Immunity Support in the In-Between Seasons: A Gentle Guide to Feeling Well

As we move through the final month of winter and start to glimpse the first signs of spring, our bodies, and our immune systems, begin to feel the shift. Cool nights, warmer days, and - if there are kids in the house - a revolving door of back-to-school bugs. Seasonal sniffles are making the rounds. If your household is like many, you might already be noticing the early signs of a low-grade cold, a scratchy throat, or just feeling a bit... flat.

This transitional season is a perfect time to gently turn inward and support your immune system with nourishing foods, herbs, and rituals that work from the inside out.

Here are some powerful, immunity-supportive ingredients to consider adding to your daily rhythm - many of which are backed by both tradition and science.

Immunity-Supportive Ingredients to Know

Elderberry

Elderberries have been used for centuries in traditional medicine for their ability to support the body during colds and flu. Rich in antioxidants and flavonoids, elderberry may help stimulate a healthy immune response. Some research suggests it can reduce the duration and severity of upper respiratory symptoms when taken early.

Try: simmered into a homemade syrup, or brewed as a warm herbal tea in the evening.

Ginger

Warming, calming, and anti-inflammatory, ginger is a classic for good reason. It supports circulation and digestion and contains compounds like gingerol that may help regulate immune function. It’s also wonderful for calming a sore throat or relieving fatigue when you're feeling run-down.

Try: fresh ginger tea with lemon and honey, or grated into soups and broths.

Siberian Ginseng

Traditionally used in Eastern Europe and Asia, Siberian ginseng is an adaptogen that helps the body manage internal stress—one of the key factors that can lower immunity over time. Some studies suggest it can stimulate immune cell activity and reduce fatigue.

Try: best consumed in powder or extract form, often combined with other adaptogenic herbs.

Holy Basil (Tulsi)

Often called the “queen of herbs” in Ayurveda, holy basil supports both immunity and the nervous system. With its antioxidant, antimicrobial, and anti-inflammatory properties, it helps the body defend itself while also promoting calm.
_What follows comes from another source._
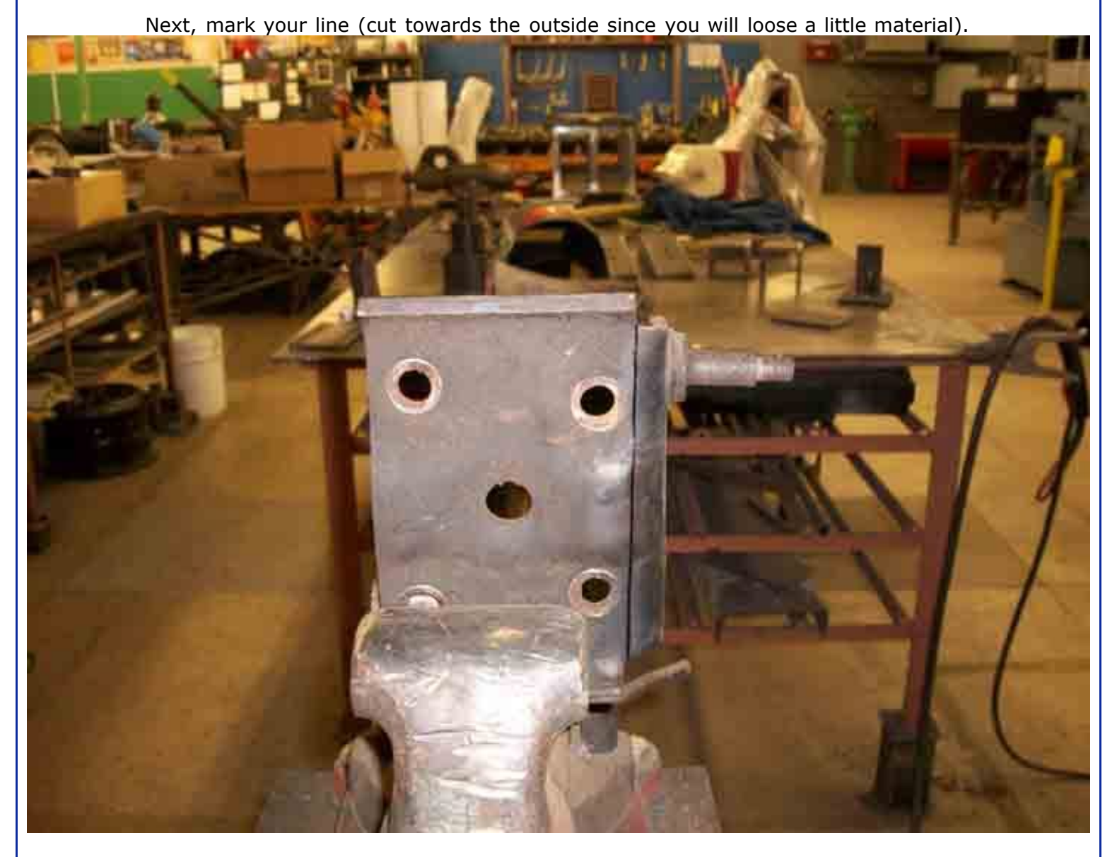
Zip Wheel is your friend (about 1/16" like a cut-off wheel).

Try: as a tulsi tea during the afternoon slump, or blended with calming herbs like lemon balm or chamomile.

Davidson Plum

This vibrant native Australian fruit is naturally rich in anthocyanins and antioxidants, which help reduce oxidative stress - a key contributor to immune dysfunction over time. It’s also a natural source of vitamin C, known to support immune health by aiding white blood cell function, strengthening barrier integrity, and reducing inflammation.

Try: blended into smoothies, stirred through compotes, or added as a freeze-dried powder to your morning routine.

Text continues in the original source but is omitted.